(Aim of the exercise) In the entries below, begin at the line that has "b) how are those" and stop after the line that has "Feature: 1. The"; output those lines exactly, leaving out pictures.

(Input records)
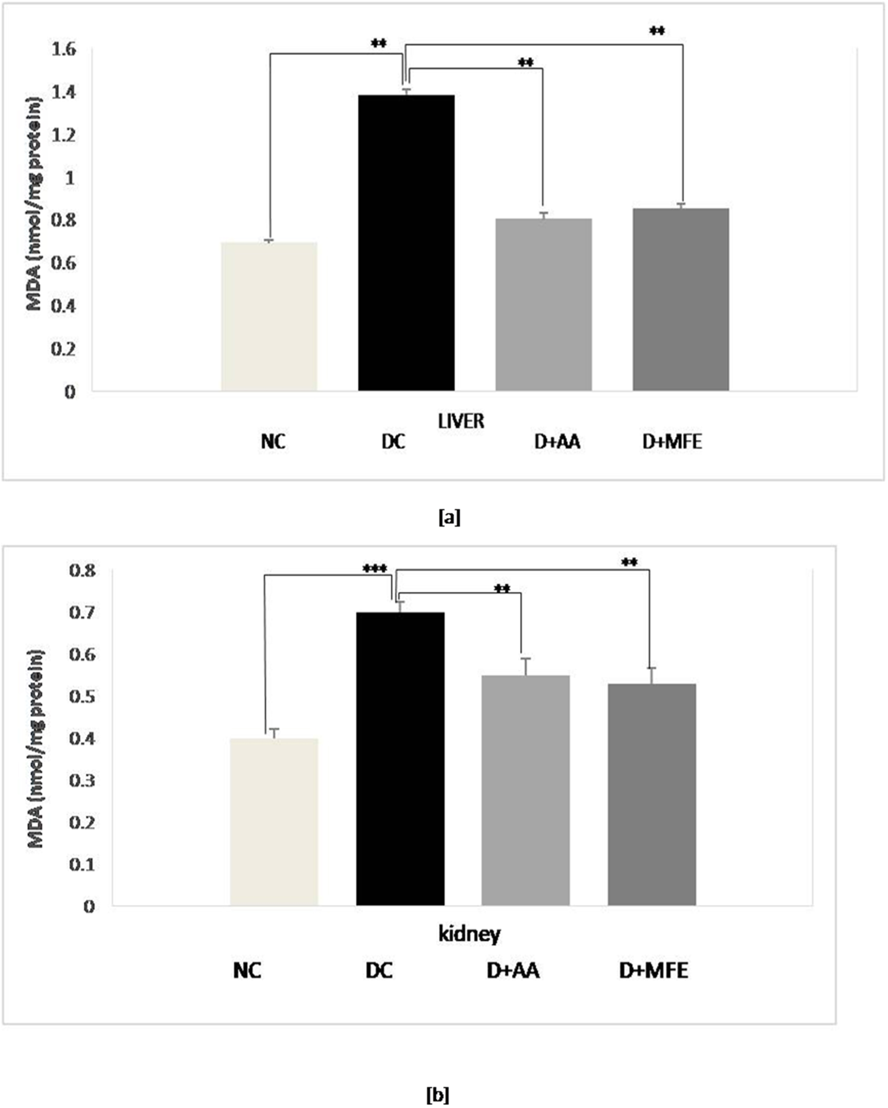 Fig. 3.Mean levels of malondialdehyde (MDA) in the liver tissue (a) and mean levels of MDA in kidney tissue (b) of normal control (NC), diabetic control (DC), diabetic mice treated with ascorbic acid (D+AA), diabetic mice treated with MFE (D+MFE). Values represent the mean
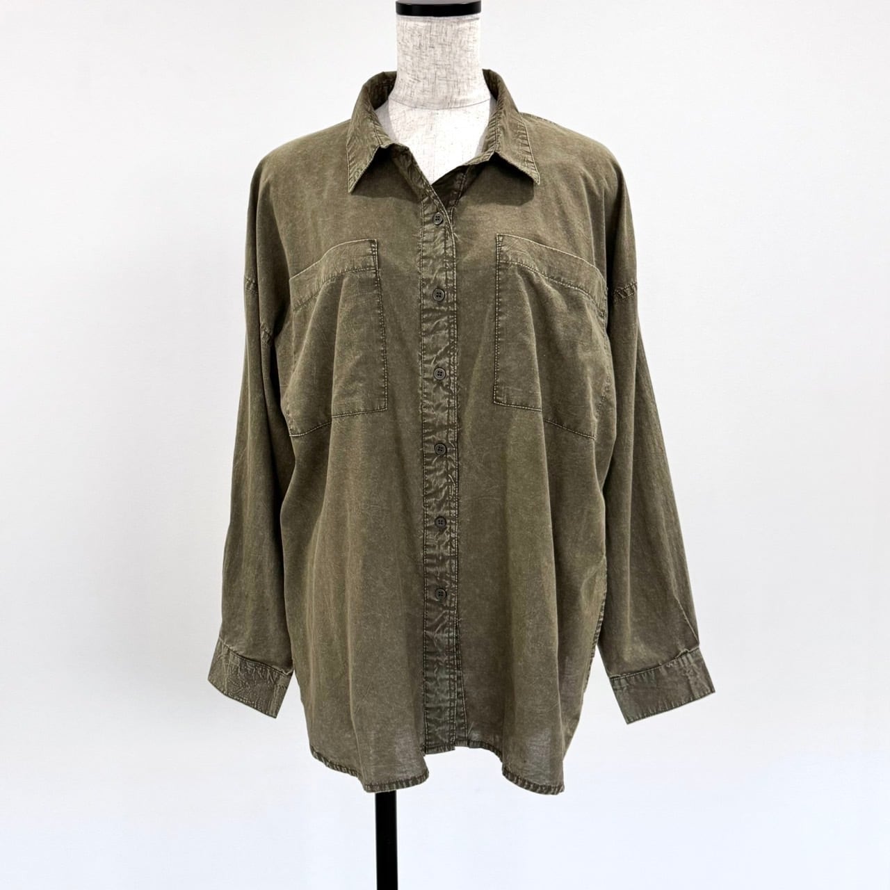 羽織るだけでムードをプラスしてくれる硫化染めの深みのある色合いとデニムのような独特な色ムラと色落ち感が魅力な薄手のシャツです
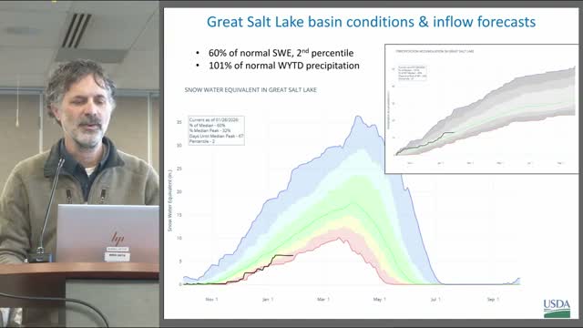 Jordan Clayton, supervisor of the Utah Snow Survey, presented historical inflow and storage figures for the Great Salt Lake and said projections point to substantially below-average inflow for 2026. "We anticipate the 2026 inflow to be substantially lower than average," Clayton said.
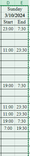 b) how are those start and end times entered? I assume they are not text but are they just time? So wouldn't 23:00 be after 7:00? or is the date included so 23:00 is really 3/9/2024 23:00? Start and end times are entered using just time, no date.
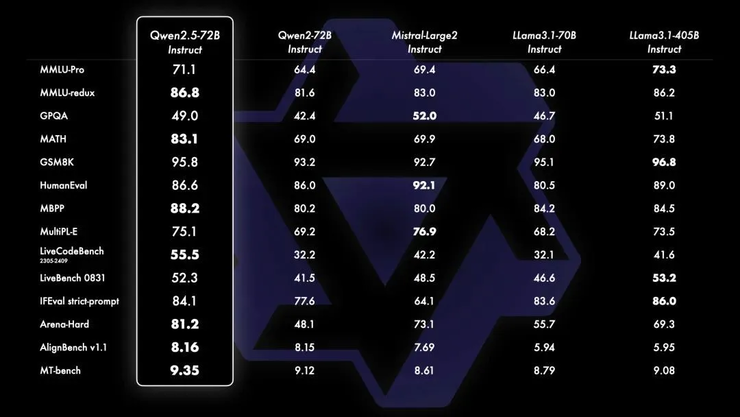 根据上图,Qwen2.5-72B 在14 个关键基准测试中,8 项击败了 llama3.1-405B 指微调模型,11 项击败了Mistral最新开源的 Large-V2 指令微调模型,成为目前最强开源模型。
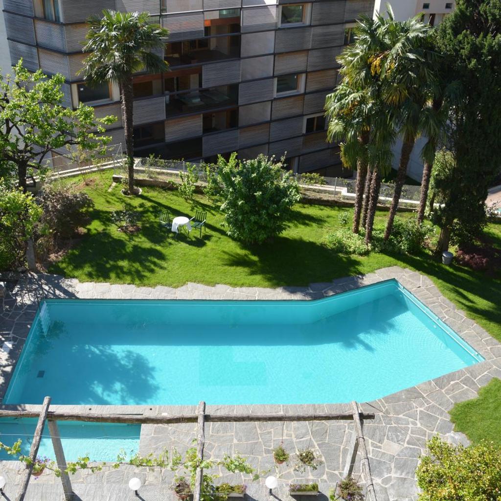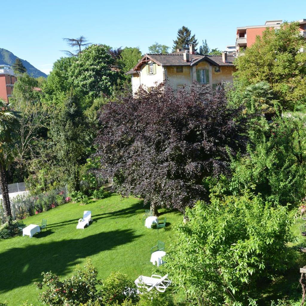 Inmitten eines reizvollen mediterranen Gartens mit einem Pool und Palmen begrüßt Sie das Hotel Villa Selva in Lugano, nur 10 Gehminuten vom Zentrum entfernt.
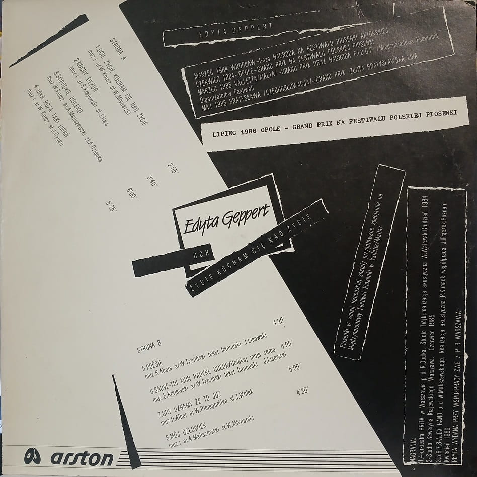 Edyta Geppert, Och Życie, Kocham Cię Nad Życie LP Arston 1986
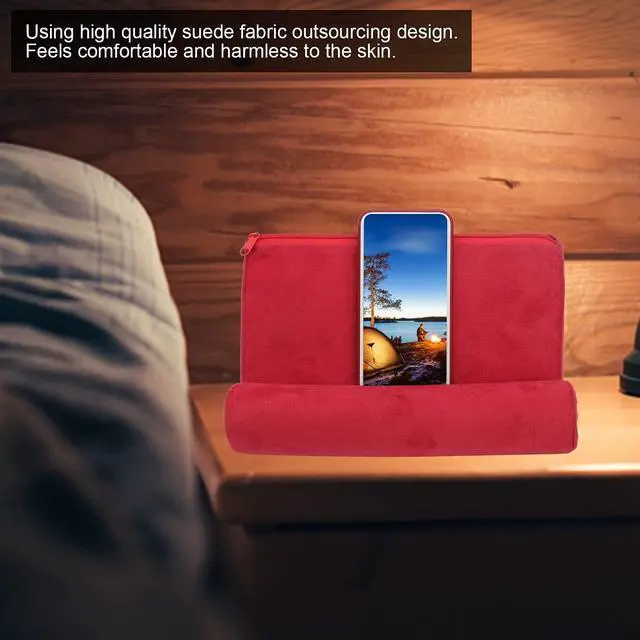 Feature: 1. The portable, lightweight pillow holder can be easily carried or brought into the car, freeing your hands. 2. The pillow stand can be folded, can provide flexible and powerful support for the tablet. 3. It has a large contact area between the bottom and the placement surface, providing a comfortable support for the bed, armrests, carpet, thighs or any other place. 4. Multifunctional design, compatible with most tablet computers, ereaders and smart phones, as well as books, magazines, etc. 5. The outsourcing design is made of highquality suede fabric, which feels comfortable and harmless to the skin.
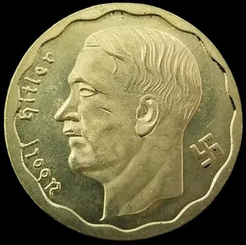 Cette reproduction a été réalisée à partir d'une pièce authentique, sortant d'un lot qui a été frappé vers 1955 en Argentine, où certains déserteurs nationaux-socialistes se sont réinstallés après la défaite de l’Allemagne. Les pièces originales sont en or 18 carats.
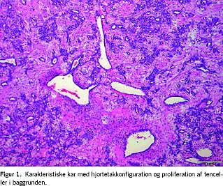 Glomangiopericytomer vokser submukøst og er dækket af intakt respirationsepitel. Tumorvævet er cellerigt og indeholder tæt voksende kar og tenceller, der er arrangeret i storiformt eller spiralsnoet mønster. Der findes vaskulære rum af forskellige størrelser med hjortetakkonfiguration (Figur 1). Nekrose er sjælden.
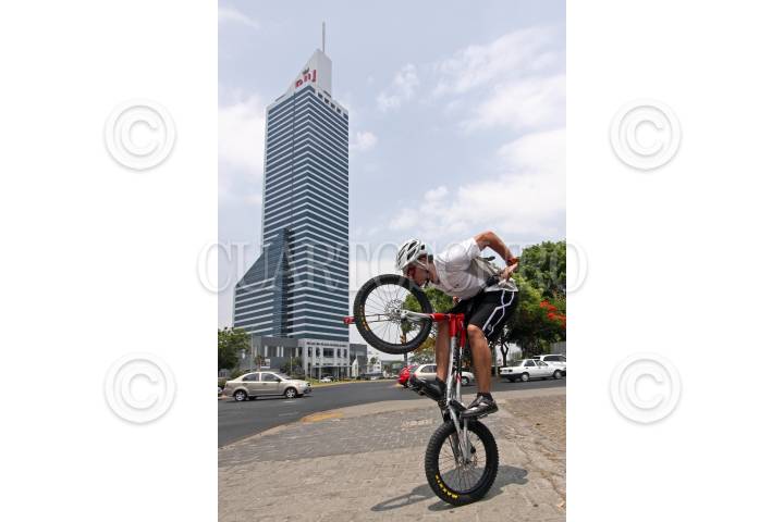 GUADALAJARA, JALISCO, 14MAYO2013.- El Colombiano seis veces Record Guinness, Javier Zapata, quien a impuesto records mundiales al subir a bordo de su bicicleta los edificios mas grandes de Latinoamérica, subirá el día de mañana el edificio mas grande de la ciudad, un reconocido hotel ubicado en la Av. López Mateos y Niños Héroes. FOTO: FERNANDO CARRANZA / CUARTOSCURO.COM

(Output of the task)
 b) how are those start and end times entered? I assume they are not text but are they just time? So wouldn't 23:00 be after 7:00? or is the date included so 23:00 is really 3/9/2024 23:00? Start and end times are entered using just time, no date.
 根据上图,Qwen2.5-72B 在14 个关键基准测试中,8 项击败了 llama3.1-405B 指微调模型,11 项击败了Mistral最新开源的 Large-V2 指令微调模型,成为目前最强开源模型。
 Inmitten eines reizvollen mediterranen Gartens mit einem Pool und Palmen begrüßt Sie das Hotel Villa Selva in Lugano, nur 10 Gehminuten vom Zentrum entfernt.
 Edyta Geppert, Och Życie, Kocham Cię Nad Życie LP Arston 1986
 Feature: 1. The portable, lightweight pillow holder can be easily carried or brought into the car, freeing your hands. 2. The pillow stand can be folded, can provide flexible and powerful support for the tablet. 3. It has a large contact area between the bottom and the placement surface, providing a comfortable support for the bed, armrests, carpet, thighs or any other place. 4. Multifunctional design, compatible with most tablet computers, ereaders and smart phones, as well as books, magazines, etc. 5. The outsourcing design is made of highquality suede fabric, which feels comfortable and harmless to the skin.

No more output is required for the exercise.